* [TRY IT]:
Please, in the data that follows, copy exactly the lines from the line with "Grote ets van" through the last one, both included. Do not include pictures.

*** Begin section ***

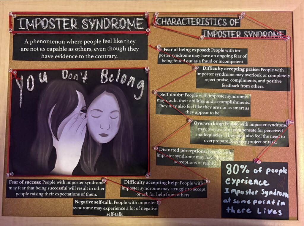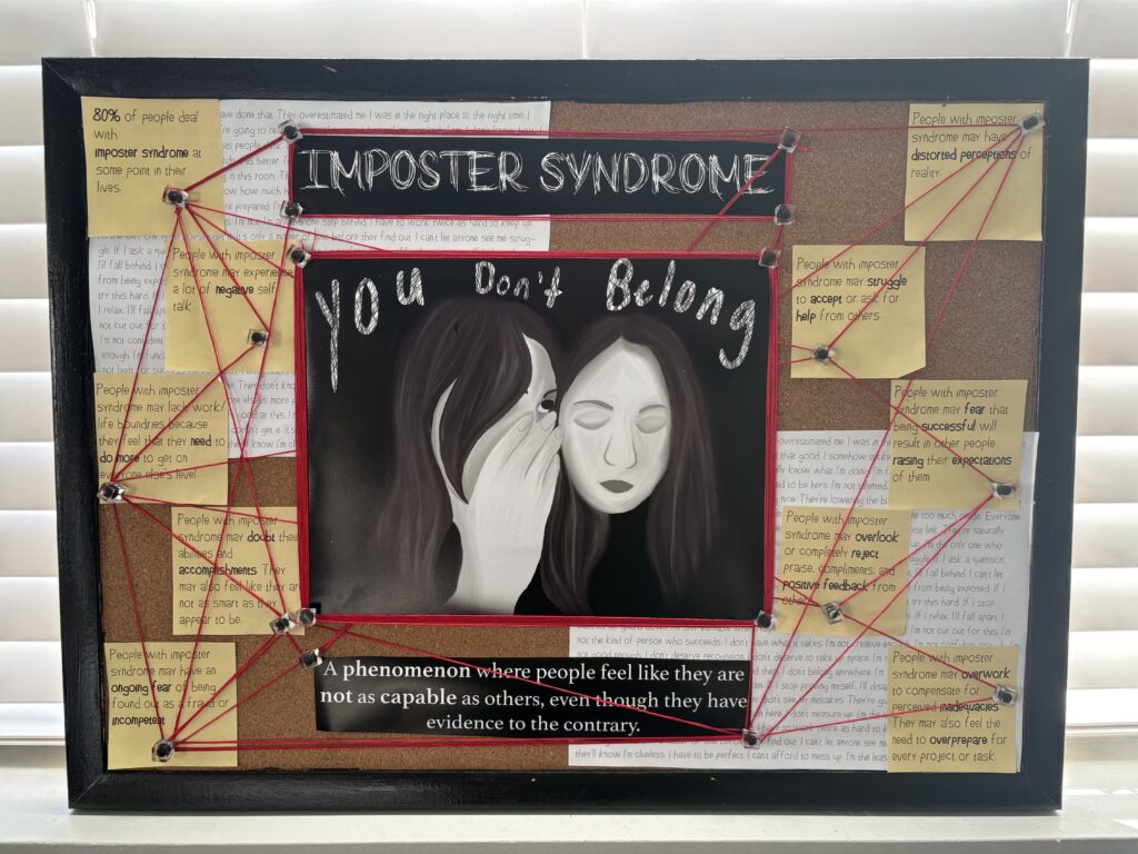 This piece, titled You Don’t Belong is based on the isolating, fearful nature of imposter syndrome. I want the viewer to feel seen, 80% of people experience imposter syndrome at some point in their life. The work shows people that they are not alone in this isolating experience. The main focus of the piece is a digitally drawn portrait of me whispering in my own ear, with the words “you don’t belong” floating above, which represents the constant voice in the back of my head saying, “I do not belong, I am not good enough, I got lucky.” This portrait is on a corkboard surrounded by facts about imposter syndrome, all connected by a red string. It was done as a PSA to bring awareness to imposter syndrome. The board is made to look like that of an investigator board, to symbolize the fear of being exposed as a fraud. Making it on a corkboard allowed it to truly communicate the message. I was very inspired by Barbara Kruger when making this piece, as she uses a lot of achromatic imagery as well as a red motif in a lot of her artwork. I did this as the portrait is an achromatic drawing, and the string is a red motif throughout. Kruger’s work also often conveys serious themes and messaging, and the way she does so inspires me. Her themes capture the viewers’ attention because of the saturation contrast between the red and the achromatic images.
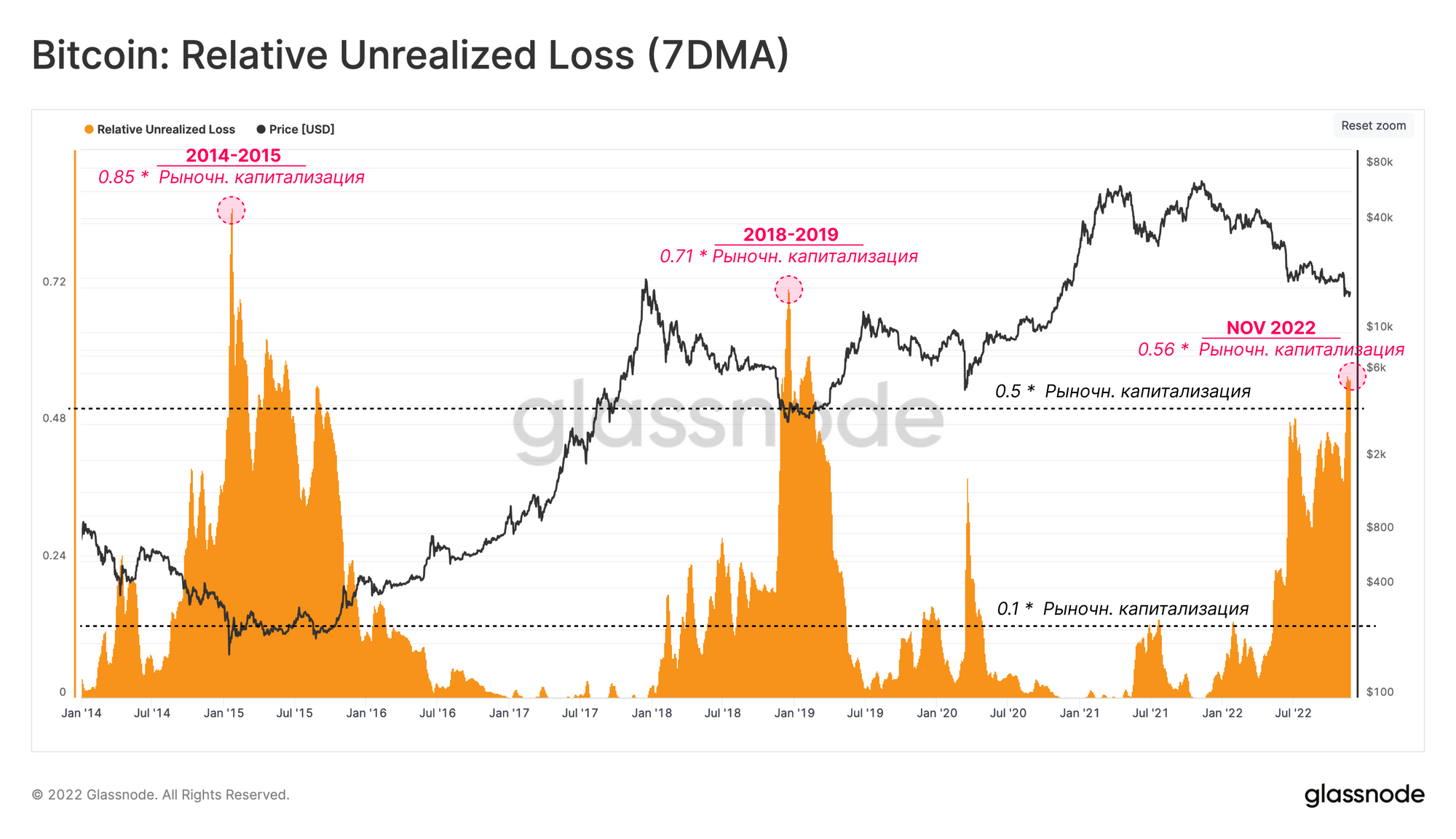 Отслеживание среднего значения этого индикатора за неделю показывает, что в крайних точках предыдущих медвежьих рынков инвесторы несли убытки, превышающие 50% от общей рыночной капитализации на тот период. Этот показатель недавно достиг максимума в 56%, что является самым высоким показателем за этот цикл и сопоставимо с предыдущими минимумами медвежьего рынка.
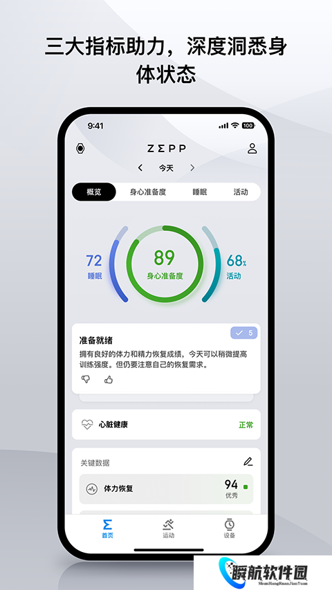 1、帮助你连接和管理手表的数据,时刻监测身体状态,保持较好的生活习惯。
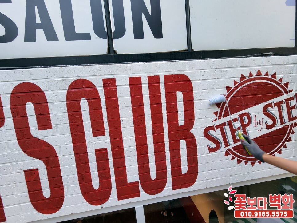 대구 시지 스텝바이스텝 바버샵 간판과 내부에 그려진 스텐실 로고 글자 인테리어벽화/ 간판벽화, 스텐실간판
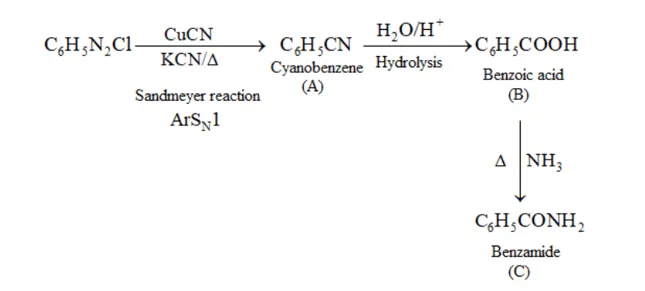 (ii) $\mathrm{C}_{6} \mathrm{H}_{5} \mathrm{~N}_{2} \mathrm{Cl} \stackrel{\mathrm{CuCN}}{\longrightarrow} \mathrm{A} \stackrel{\mathrm{H}_{2} \mathrm{O} / \mathrm{H}^{+}}{\longrightarrow} \mathrm{B} \frac{\mathrm{NH}_{3}}{\Delta} \longrightarrow \mathrm{C}$
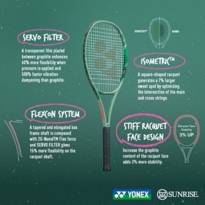 Dibandingkan dengan rangka bulat konvensional, raket ISOMETRIC™ berbentuk persegi menghasilkan sweet spot yang lebih besar dengan mengoptimalkan perpotongan senar utama dan senar silang.
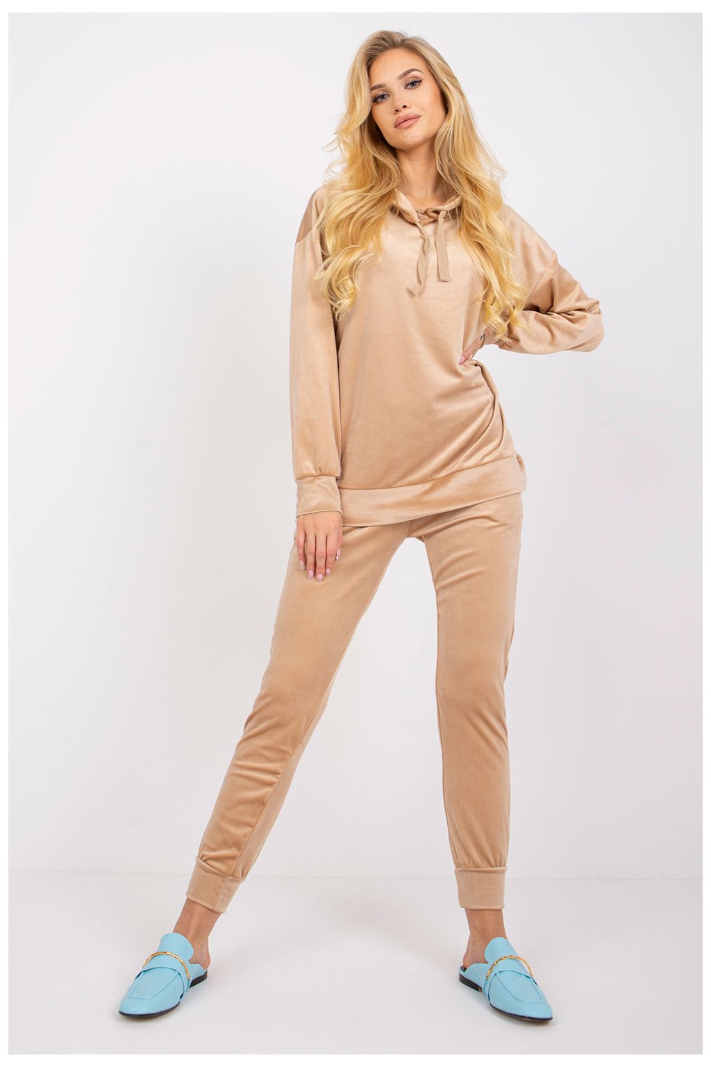 Velurová mikinová souprava sestávající z mikiny a kalhot. Mikina s dlouhými rukávy a kapucí, kalhoty s kapsami a zavazováním v pase.
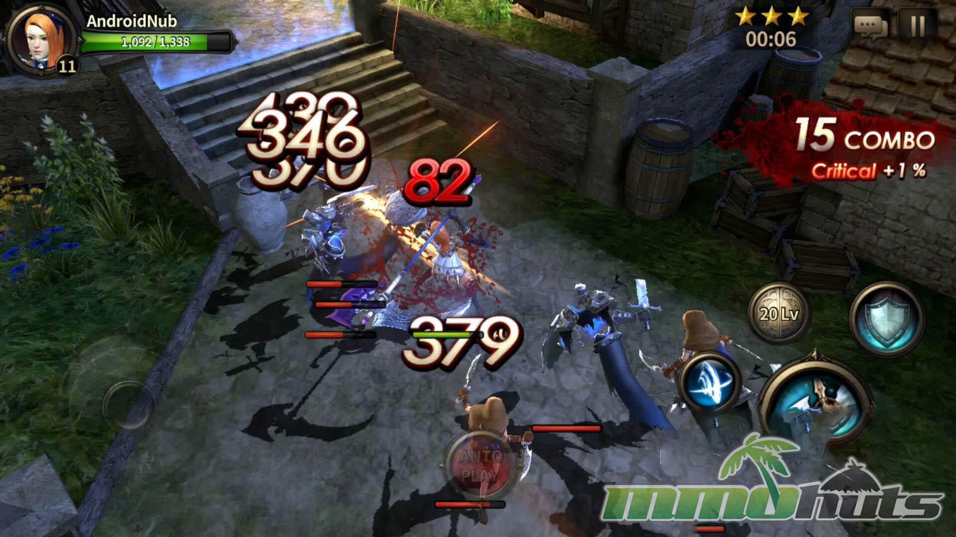 Visually, HIT was one of the standout mobile action RPGs of its time. Character models, armor sets, and weapon designs leaned toward a realistic medieval-fantasy style, and the lighting in particular gave stages a dramatic look with strong shadows and reflective highlights. Animations were responsive, and hit reactions (including knockback) made combat feel weighty rather than floaty.
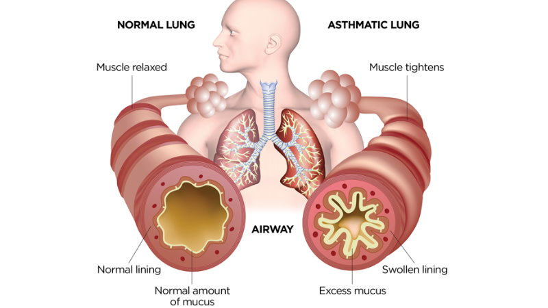 Jednym z nich jest astma alergiczna związana z nadaktywnym układem odpornościowym. Wywołuje on problemy z oddychaniem po wystawieniu na działanie alergenu. Powszechne alergeny odpowiedzialne za wywoływanie astmy to roztocza kurzu domowego, pleśń, pyłki i sierść zwierząt domowych.
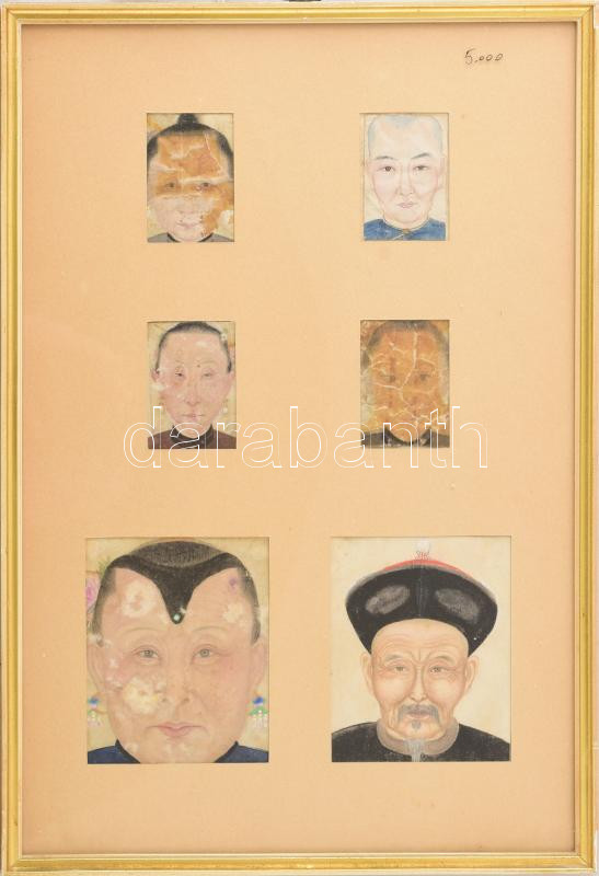Jelzés nélkül: Ázsiai arcképek, össz. 6 db egy keretben. Vegyes technika, papír, foltos, részben sérült. Üvegezett, kissé sérült fakeretben, 6x4 (x4) és 10,5x8 (x2) cm
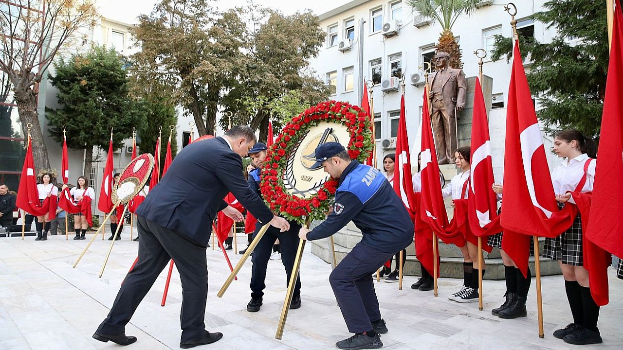 Karşıyaka Hükümet Konağı önünde yüzlerce Karşıyakalının katılımıyla yapılan törende Atatürk Anıtı’na çelenkler sunuldu. Ulu Önder Mustafa Kemal Atatürk’ün ebediyete intikal ettiği anda, saatler 09.05’i gösterdiğinde tüm yurtta olduğu gibi Karşıyaka’da da hayat adeta durdu. Caddeler ve sokaklardaki tüm yurttaşlar saygı duruşuna geçti. 2 dakika boyunca siren ve korna sesleri ilçenin dört bir yanında yankılanırken, duygu dolu anlar yaşandı. Saygı duruşunun ardından Karşıyakalılar, Ulu Önder’in Annesi Zübeyde Hanım'ın Anıt Mezarı’nı ziyaret etti. Karşıyaka Belediye Başkanı Dr. Cemil Tugay, eşi Öznur Tugay, CHP Karşıyaka İlçe Başkanı Levent Güçlü, meclis üyeleri, demokratik toplum örgütlerinin yönetici ve üyeleri, her yaştan Karşıyakalı, Zübeyde Hanım Anıt Mezarı’na karanfil bıraktı.
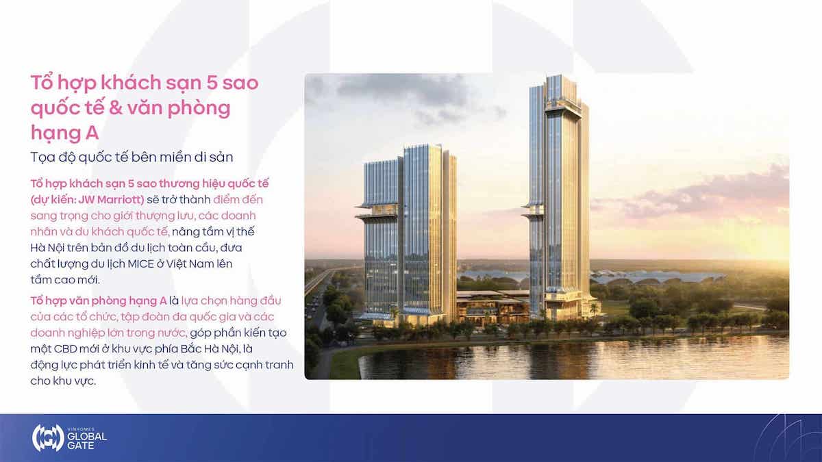 Vinhomes Global Gate sở hữu tổ hợp khách sạn 5 sao với kiến trúc sang trọng, được dự kiến vận hành bởi tập đoàn quản lý khách sạn hàng đầu thế giới – Marriott. Đây sẽ là điểm đến lưu trú lý tưởng dành cho du khách quốc tế và giới doanh nhân cao cấp.
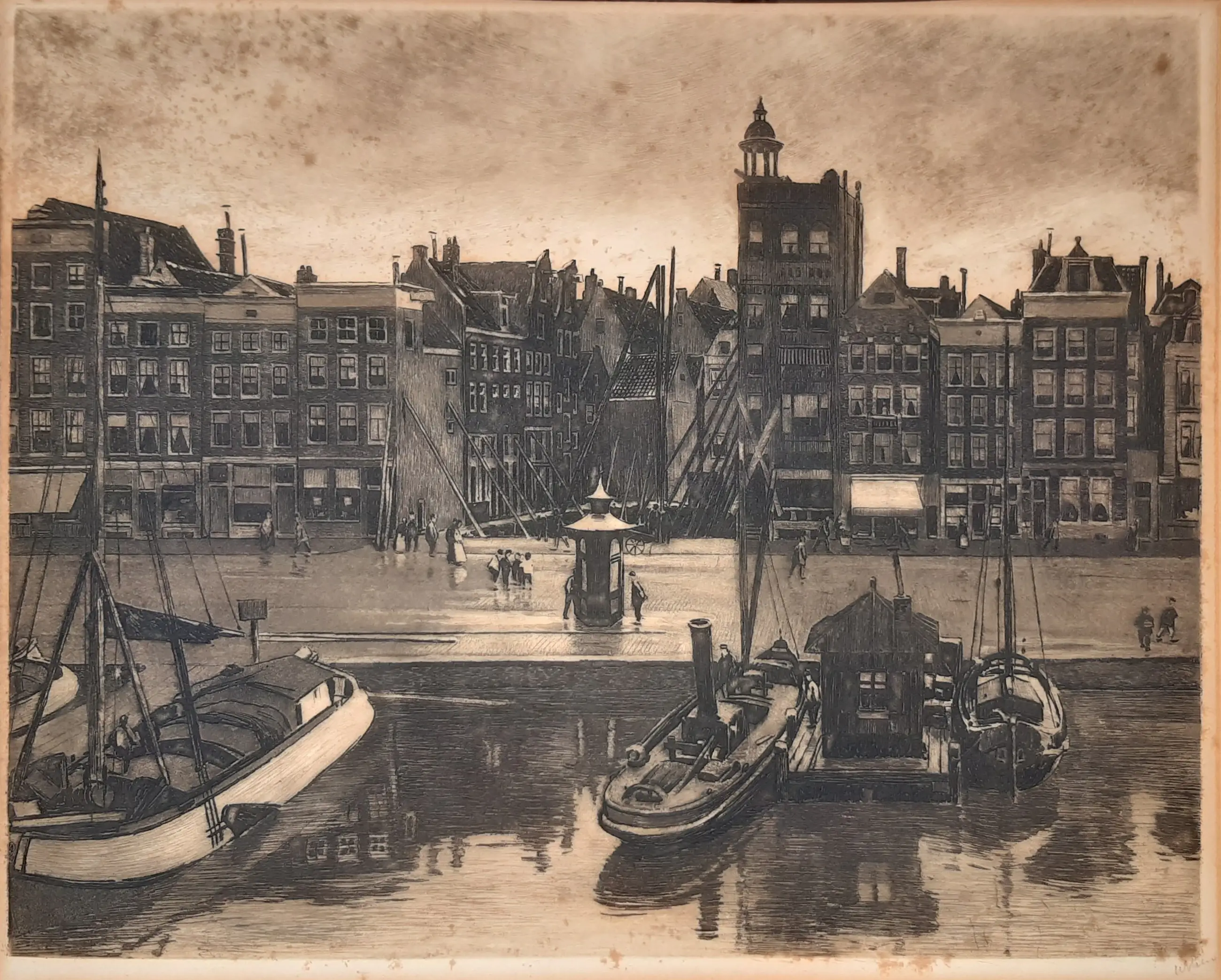 Grote ets van Willem Witsen - Gezicht op het Damrak Ets is verwijderd uit de lijst. Ets kan in bijbehorende lijst geleverd worden. Deze lijst heeft wel enkele beschadigingen (zie foto's 3, 7 en 8).
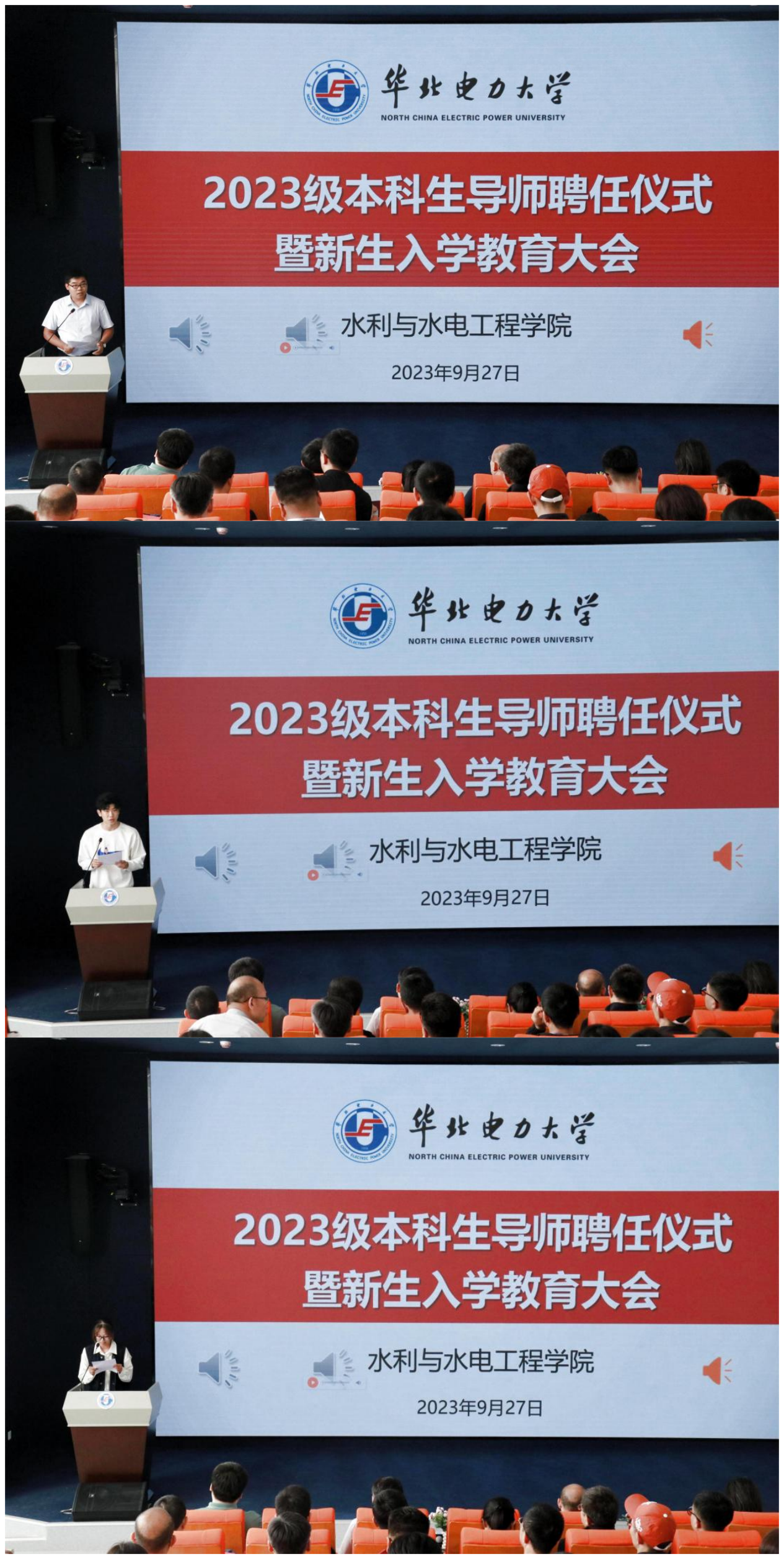9月27日下午,水利与水电工程学院在教一14阶梯教室举办了2023级本科生导师聘任仪式暨新生入学教育大会。学院全体院领导出席大会,2023级本科生导师、班主任和全体2023级本科新生参加会议,会议由学院党委副书记杜广微主持。

*** End section ***

* [YOUR SOLUTION]:
 Grote ets van Willem Witsen - Gezicht op het Damrak Ets is verwijderd uit de lijst. Ets kan in bijbehorende lijst geleverd worden. Deze lijst heeft wel enkele beschadigingen (zie foto's 3, 7 en 8).
9月27日下午,水利与水电工程学院在教一14阶梯教室举办了2023级本科生导师聘任仪式暨新生入学教育大会。学院全体院领导出席大会,2023级本科生导师、班主任和全体2023级本科新生参加会议,会议由学院党委副书记杜广微主持。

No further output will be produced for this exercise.